As a review, Vault starts in a sealed state. Vault is unsealed by providing the unseal keys. By default, Vault uses a technique known as Shamir's secret sharing algorithm to split the root key into 5 shares, any 3 of which are required to reconstruct the master key. The root key is used to protect the encryption key, which is ultimately used to protect data written to the storage backend.

Key Rotate

To support key rotation, we need to support changing the unseal keys, root key, and the backend encryption key. We split this into two separate operations, rekey and rotate.

The rekey operation is used to generate a new root key. When this is being done, it is possible to change the parameters of the key splitting, so that the number of shares and the threshold required to unseal can be changed. To perform a rekey a threshold of the current unseal keys must be provided. This is to prevent a single malicious operator from performing a rekey and invalidating the existing root key.

Performing a rekey is fairly straightforward. The rekey operation must be initialized with the new parameters for the split and threshold. Once initialized, the current unseal keys must be provided until the threshold is met. Once met, Vault will generate the new master key, perform the splitting, and re-encrypt the encryption key with the new root key. The new unseal keys are then provided to the operator, and the old unseal keys are no longer usable.

The rotate operation is used to change the encryption key used to protect data written to the storage backend. This key is never provided or visible to operators, who only have unseal keys. This simplifies the rotation, as it does not require the current key holders unlike the rekey operation. When rotate is triggered, a new encryption key is generated and added to a keyring.

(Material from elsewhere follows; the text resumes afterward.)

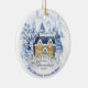 Passar o Natal em sua nova casa é sempre um monente especial. Por que você não o torna memorável com um Enfeites de natal personalizado impresso com seu nome familiar e uma casota pintada manualmente com neve coberta de aquarela com um telhado azul bonito? Isto também pode ser um presente para um casal que acabou de se mudar para o seu novo lugar.

All new values written to the storage backend are encrypted with the new key. Old values written with previous encryption keys can still be decrypted since older keys are saved in the keyring. This allows key rotation to be done online, without an expensive re-encryption process.

Both the rekey and rotate operations can be done online and in a highly available configuration. Only the active Vault instance can perform either of the operations but standby instances can still assume an active role after either operation. This is done by providing an online upgrade path for standby instances. If the current encryption key is N and a rotation installs N+1, Vault creates a special "upgrade" key, which provides the N+1 encryption key protected by the N key. This upgrade key is only available for a few minutes enabling standby instances to do a periodic check for upgrades. This allows standby instances to update their keys and stay in-sync with the active Vault without requiring operators to perform another unseal.

The rotate/config endpoint is used to configure the number of operations or time interval between automatic rotations of the backend encryption key.

NIST rotation guidance

Periodic rotation of the encryption keys is recommended, even in the absence of compromise. Due to the nature of the AES-256-GCM encryption used, keys should be rotated before approximately 2³² encryptions have been performed, following the guidelines of NIST publication 800-38D.

As of Vault 1.7, Vault will automatically rotate the backend encryption key prior to reaching 2³² encryption operations by default.

Operators can estimate the number of encryptions by summing the following:

The vault.barrier.put telemetry metric.
The vault.token.creation metric where the token_type label is batch.
The merkle.flushDirty.num_pages metric.
The WAL index.

Vault periodically persists the number of encryptions to support rotation. This save operation has a 1 second timeout to prevent impact to performance if Vault is under heavy load. Because persisting encryptions involves the seal backend (if seal wrap is enabled), some seals (such as HSMs) may take regularly longer than 1 second to respond. If this is the case, operators may override that timeout by setting the environment variable VAULT_ENCRYPTION_COUNT_PERSIST_TIMEOUT to a larger value, such as "5s".